1 - Find the melody and stick to it.

2 - Look for reference points. If the whole page suddenly turns black with dots, you will hear a change in the music.

3 - Listen through without the score first. You must do this.

4 - Acquaint yourself with sonata form and learn where the first and second subjects, exposition and recap occur.


----------



## Aramis (Mar 1, 2009)

Edward Elgar said:


> Listen through without the score first. You must do this.


"Must"? How about those who have new works, fresh works, tasty works, straight from the bakery? If your friend would give you score of his new piece for SQ, would you tell him "I won't see the score, I must listen first"? If one has to listen before reading it would mean that his skills are incomplete.


----------



## Ukko (Jun 4, 2010)

Aramis said:


> "Must"? How about those who have new works, fresh works, tasty works, straight from the bakery? If your friend would give you score of his new piece for SQ, would you tell him "I won't see the score, I must listen first"? If one has to listen before reading it would mean that his skills are incomplete.
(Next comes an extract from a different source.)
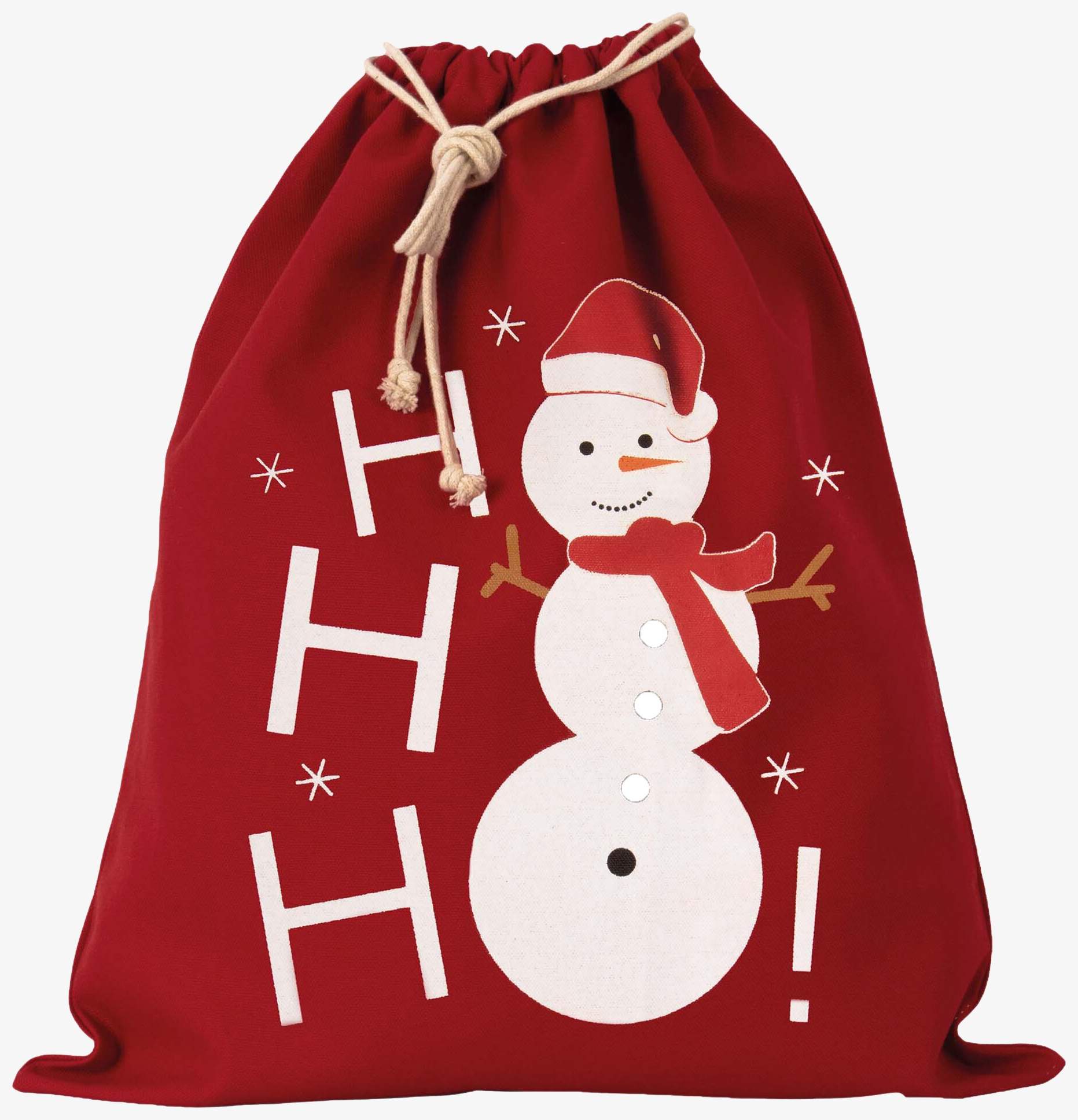 De katoenen zak met trekkoord sneeuwpopmotief is gemaakt van 100% katoen. Hij heeft een sluiting met trekkoord en een sneeuwpopprint.

You could ease off there, Aramis. "Edward Elgar" just used the wrong pronoun for your experience. Given my level of score-reading skill, I would have omitted the 'first'.

Musician-level score readers have told me that 'hearing' ensemble music by reading the score only roughly approximates the reality.

:devil:


----------



## Nevohteeb (May 5, 2010)

Hilltroll 72, have you by chance, ever been to the Marlboro Music Festival, in your area? This is where I want to follow the score, when listening to the quartet, in the dining hall. The most trouble is with the repeats, that Schubert did, on a regular basis. BUT, when I am following the music, the musicians sometimes don't do all the repeats that are in the score, then I get lost. So, if there is a site on line that teaches one how to follow the score, without getting lost, I would deeply appreciate it.


----------



## Ukko (Jun 4, 2010)

*Marlboro ...*



Nevohteeb said:


> Hilltroll 72, have you by chance, ever been to the Marlboro Music Festival, in your area? This is where I want to follow the score, when listening to the quartet, in the dining hall. The most trouble is with the repeats, that Schubert did, on a regular basis. BUT, when I am following the music, the musicians sometimes don't do all the repeats that are in the score, then I get lost. So, if there is a site on line that teaches one how to follow the score, without getting lost, I would deeply appreciate it.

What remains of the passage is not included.